Donovan's Station
Description
$16.96
ISBN 1-894294-42-4
DDC C813'.54
Author
Publisher
Year
Contributor
R. Gordon Moyles is professor emeritus of English at the University of
Alberta, the co-author of Imperial Dreams and Colonial Realities:
British Views of Canada, 1880–1914, and the author of The Salvation
Army and the Public.
Review
“Eighty-four years is time enough for one life,” says Keziah
Donovan, proprietress of St. Ann’s Hotel, who has been left paralyzed
by a stroke. Happily, 84 years is just time enough for plenty of
memories of a Newfoundland Irish life from about 1830 to 1914, replete
with details of a Catholic schooling, farming and fishing techniques,
personal tragedies and blessings. McGrath not only creates a lovable and
believable narrator, but invests her reminiscences with an abundance of
folklore (traditional medicines, superstitions, and so forth).

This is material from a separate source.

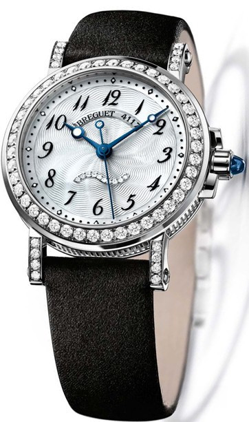 Часы Breguet Marine 8818 8818BB/59/864 DD0D выпущены в корпусе из белого золота 18к, размером 30 х 9,4 мм и водонепроницаемостью 30 м с безелем из 58-и белых бриллиантов 1.25 ct. и заводной головкой икрустированой синим сапфиром кабошоном. Внутри корпуса установлен автоматический механизм, Калибр 537/1. На серебристом гильошированном циферблате с 10-ю белыми бриллиантами 0.025 ct. отображаются часы, минуты, секунды. Запас хода 40 часов. Часы комплектуются атласным ремешком с золотой 18к вставкой, инкрустированной 273-мя белыми бриллиантами 1 ct.

Most impressive is Keziah’s language, rhythmic and full of
colloquialisms: “Paddy had the colleywobbles”; “the doctor was on
the randy”; “my brain is moithered”; “pudding was figged duff,
gooseberry tart with clotted cream, and tipsy parson”; “the bedlamer
is a nice little fellow.” The uninitiated might need to consult The
Dictionary of Newfoundland English while reading this wonderfully rich
novel, but that will only add to the pleasure.